Several operating systems have an elaborate mechanism for doing power management called ACPI (Advanced Configuration and Power Interface). The operating system can send any conformant driver commands asking it to report on the capabilities of its devices and their current states. This feature is especially important when combined with plug and play because just after it is booted, the operating system does not even know what devices are present, let alone their properties with respect to energy consumption or power manageability.
It can also send commands to drivers instructing them to cut their power levels (based on the capabilities that it learned earlier, of course). There is also some traffic the other way. In particular, when a device such as a keyboard or a mouse detects activity after a period of idleness, this is a signal to the system to go back to (near) normal operation.

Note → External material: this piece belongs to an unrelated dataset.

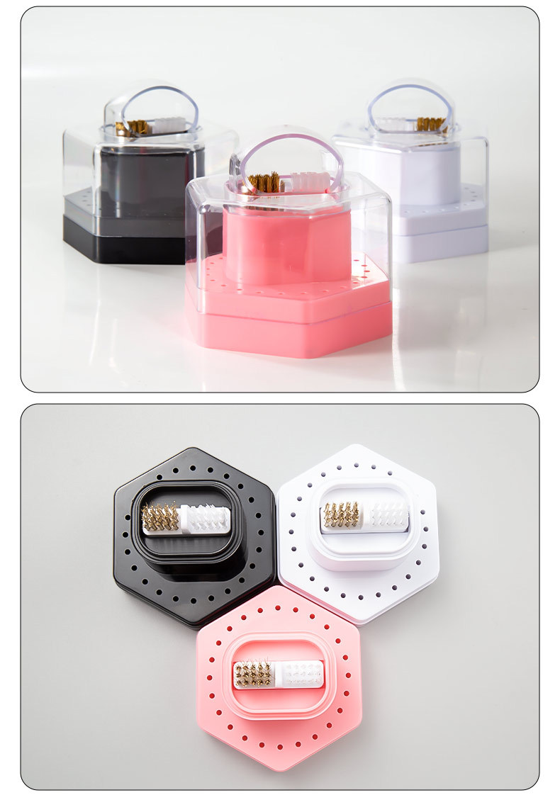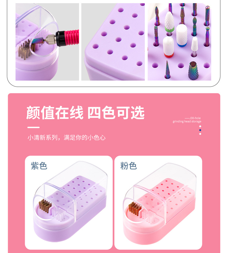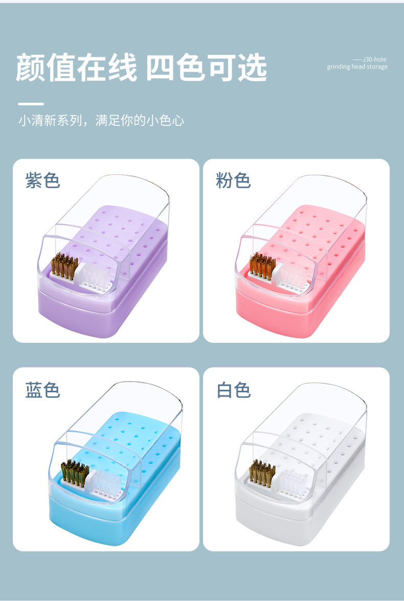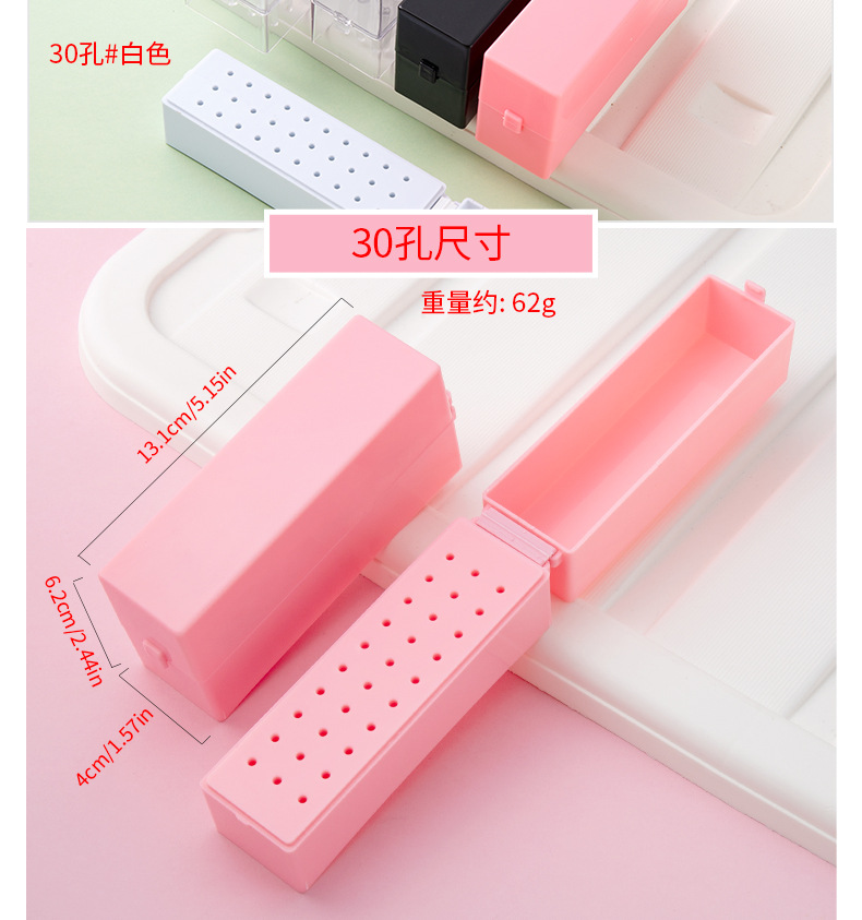 Nueva caja de almacenamiento de cabezal de molienda de 30 agujeros con cepillo de limpieza caja vacía herramientas de uñas de cerámica de acero de tungsteno dividido a prueba de polvo

So far we have looked at ways the operating system can reduce energy usage by various kinds of devices. But there is another approach as well: tell the programs to use less energy, even if this means providing a poorer user experience (better a poorer experience than no experience when the battery dies and the lights go out). Typically, this information is passed on when the battery charge is below some threshold. It is then up to the programs to decide between degrading performance to lengthen battery life or to maintain performance and risk running out of energy.
The question is: how can a program degrade its performance to save energy? The answer is application-specific. For instance, a video player that normally plays video in full color at 30 frames/sec could save energy by abandoning the color information and displaying the video in black and white. Another form of degradation is to reduce the frame rate, which leads to flicker and gives the movie a jerky quality. Still another form of degradation is to reduce the number of pixels in both directions, either by lowering the spatial resolution or making the displayed image smaller. Measures of this type saved about 30% of the energy.
Another solution is to alternate between local and remote processing. For instance, we may save power by pushing a computationally expensive operation to the cloud rather than executing it on, say, a smartphone. Whether this is a good idea is a tradeoff between the cost of executing things locally versus the energy cost of operating the radio. Of course, other considerations such as performance (will the delay go up?), security (do we trust the cloud with our computation?), and reliability (what if we do not have connectivity?) also play a role.
There are many other things that applications could do. Of course, they generally mean that the application must be designed with power management in mind. Doing do is especially interesting for battery-powered devices, where accepting some quality degradation means that the user can run longer on a given battery.